The software industry in the country, which employed 12,000 people in 1991, emerged as a key player in the "global bazaar" owing to economic reforms. The sector now employs one million people, and the McKinsey report has predicted that the employment potential will reach 2.2 million by 2008, Mr. Murthy said.

He stressed Bangalore's pre-eminence in the IT sector. "The IT companies in Bangalore employ three lakh people. On account of money spent by IT employees, one million jobs have been created in the city, which has a population of about six million," he said.

In 1998, Bangalore had 634 IT companies. Today, the city is home to nearly 1,600 IT firms, and 150 new companies start functioning every year. "The IT companies in Bangalore include 622 multinational firms. Perhaps, no other city in India has so many MNCs. The whole world respects Bangalore and Karnataka as a place with a large pool of talented workforce and affordable prices," Mr. Murthy said.

Mr. Murthy referred to the rising labour costs in India, which could make the country a less attractive outsourcing destination. "A 15 per cent rise in labour costs was recorded in the country in 2004," he said and indicated the possibility of a reduction in the availability of low-cost workforce.

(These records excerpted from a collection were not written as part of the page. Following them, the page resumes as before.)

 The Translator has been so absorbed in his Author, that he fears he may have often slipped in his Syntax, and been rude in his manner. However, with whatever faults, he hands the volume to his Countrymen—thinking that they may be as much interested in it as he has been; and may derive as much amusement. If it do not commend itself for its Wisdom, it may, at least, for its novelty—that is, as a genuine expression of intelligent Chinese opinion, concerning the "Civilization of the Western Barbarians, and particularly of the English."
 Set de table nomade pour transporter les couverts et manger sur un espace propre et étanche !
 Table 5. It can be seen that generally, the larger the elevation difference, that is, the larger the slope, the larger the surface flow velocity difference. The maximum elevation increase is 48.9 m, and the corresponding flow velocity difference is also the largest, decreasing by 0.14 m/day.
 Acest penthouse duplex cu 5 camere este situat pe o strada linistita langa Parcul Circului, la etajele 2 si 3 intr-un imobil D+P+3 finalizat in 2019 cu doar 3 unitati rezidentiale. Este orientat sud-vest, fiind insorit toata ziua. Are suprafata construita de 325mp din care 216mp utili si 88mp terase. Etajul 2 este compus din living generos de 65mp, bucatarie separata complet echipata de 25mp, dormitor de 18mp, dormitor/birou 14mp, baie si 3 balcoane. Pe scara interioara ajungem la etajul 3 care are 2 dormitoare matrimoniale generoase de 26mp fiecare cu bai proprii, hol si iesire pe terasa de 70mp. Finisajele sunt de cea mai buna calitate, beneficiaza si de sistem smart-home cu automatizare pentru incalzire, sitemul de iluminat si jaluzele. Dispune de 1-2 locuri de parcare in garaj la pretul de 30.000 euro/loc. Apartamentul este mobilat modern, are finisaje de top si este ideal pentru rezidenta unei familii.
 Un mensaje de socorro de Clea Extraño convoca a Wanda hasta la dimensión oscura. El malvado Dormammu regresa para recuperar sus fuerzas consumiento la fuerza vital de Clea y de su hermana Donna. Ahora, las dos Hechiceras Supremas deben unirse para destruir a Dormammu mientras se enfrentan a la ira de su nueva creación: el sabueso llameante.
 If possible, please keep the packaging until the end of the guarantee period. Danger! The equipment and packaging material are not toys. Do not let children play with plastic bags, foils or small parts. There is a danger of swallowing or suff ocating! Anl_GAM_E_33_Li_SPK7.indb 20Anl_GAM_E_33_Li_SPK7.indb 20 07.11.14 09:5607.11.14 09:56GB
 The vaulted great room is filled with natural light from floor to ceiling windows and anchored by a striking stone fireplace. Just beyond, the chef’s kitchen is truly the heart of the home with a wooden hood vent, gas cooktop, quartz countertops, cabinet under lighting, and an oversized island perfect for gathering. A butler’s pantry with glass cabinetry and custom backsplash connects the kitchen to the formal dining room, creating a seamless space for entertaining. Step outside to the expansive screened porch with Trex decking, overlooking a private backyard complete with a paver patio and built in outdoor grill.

If India is to hold its own against global competition, the IT workforce should leverage its ideas and skills and emerge from "low-level" to strategic players in the business goals of clients and prove its efficiency on the world arena, he said.

Mr. Murthy referred to the inadequate infrastructure in India and quoted from a survey that gave the country the 39th position in Asia in terms of "network readiness index". He said the Government should concentrate on key infrastructure clusters such as airports, highways, ports, and power.

Earlier, he traced the growth of the IT industry in the country and said the removal of a regulatory environment gave freedom to the software, biotechnology and pharmaceutical sectors. From $164 million in 1991, software exports grew to $17.2 billion in 2004-05, he said.